There is no doubt that Keystone XL’s cancellation was a massive gut punch to Canada and its oil and gas industry. Now the analysis is out showing the impact it had on the United States.
Just a sliver over two years ago the U.S. government nixed the pipeline project which would have added an additional 830,000 barrels of oil per day into the U.S.
The pipeline, which was expected to be complete in 2023, would have provided thousands of jobs and billions in economic activity. In December, the U.S. Department of Energy released its congressionally mandated report on the matter, and it’s now known approximately how many jobs and billions of dollars were foregone due to the cancellation.
The highlighted impacts in the report show that about 20,000 potential construction jobs per year over a two-year period were lost.

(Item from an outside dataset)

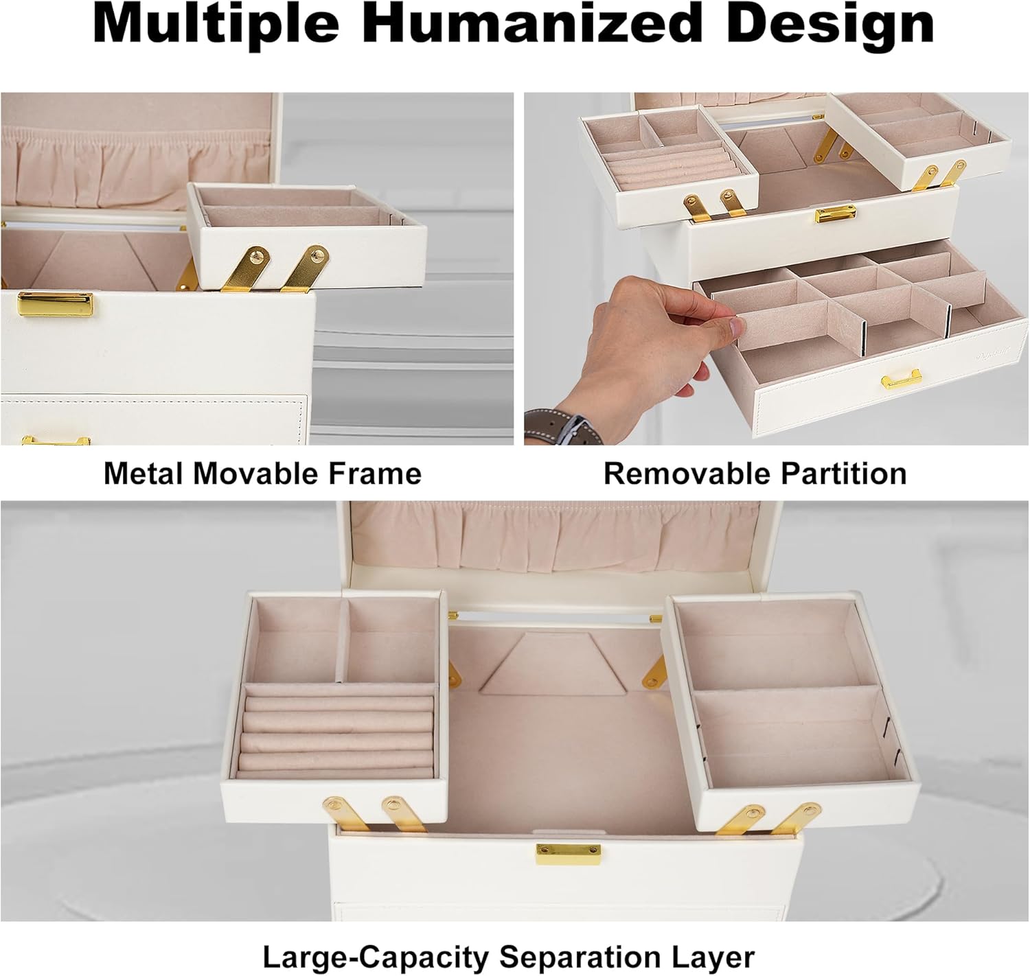 3 Layers of Large Capacity: The large jewelry storage box has 5 ring slots, 9 ring boxes, 10 necklace hooks, 26 ear stud holes, 2 adjustable space compartments, when you stretch them out, you will find a large compartment hidden underneath, a large space for large pieces of jewelry you want to put. The jewelry organizer box has a variety of designs and compartments, which can store all your jewelry, whether it is a large piece of jewelry or a small earring, there is a place to store it

The nixing of the project also had a direct impact on the U.S. GDP with a loss of $3.4 billion. Wages were also impacted, with an estimated loss of $2.05 billion in potential earnings.
While there have not been any government numbers released for Canadian job losses, TC Energy said at the time of the cancellation that 1,000 workers would be laid off due to the announcement. It was a missed opportunity to lower costs for U.S. consumers, according to the American Petroleum Institute. Indigenous groups were also impacted by the cancellation.
Dale Swampy, president of the National Coalition of Chiefs noted that “It’s quite a blow to the First Nations that are involved right now in working with TC Energy to access employment training and contracting opportunities.”
Natural Law Energy, an Indigenous-owned energy company, had signed an agreement to invest a $1 billion equity stake in the pipeline. This would have had the potential to create jobs and economic opportunity for Indigenous communities, Natural Law Energy said. More than $600 million in supply and employment agreements for Indigenous-owned companies were expected to come from the project’s construction.
While celebrated by many environmental groups, the decision to cancel Keystone XL was controversial on both sides of the border. Politicians, Indigenous leaders, and labour unions criticized the cancellation for the significant consequences it could have for both Canada and the United States.
Teamsters general president Jim Hoffa’s statement strongly encouraged the U.S. government to reconsider the decision. “This executive order doesn’t just affect U.S. Teamsters; it hurts our Canadian brothers and sisters as well who work on this project. It will reduce good-paying union jobs that allow workers to provide a middle-class standard of living to their families.”
Terry O’Sullivan, general president of the Laborers’ International Union of North America said, “By blocking this 100 percent union project, and pandering to environmental extremists, a thousand union jobs will immediately vanish, and 10,000 additional jobs will be foregone.”
The United States is the world’s largest importer of oil, and Canada is its top supplier. America will continue to rely on oil imports, according to the U.S. Energy Information Administration. Absent Keystone XL, imports will come increasingly from other countries that may not have the same environmental and human rights standards as Canada.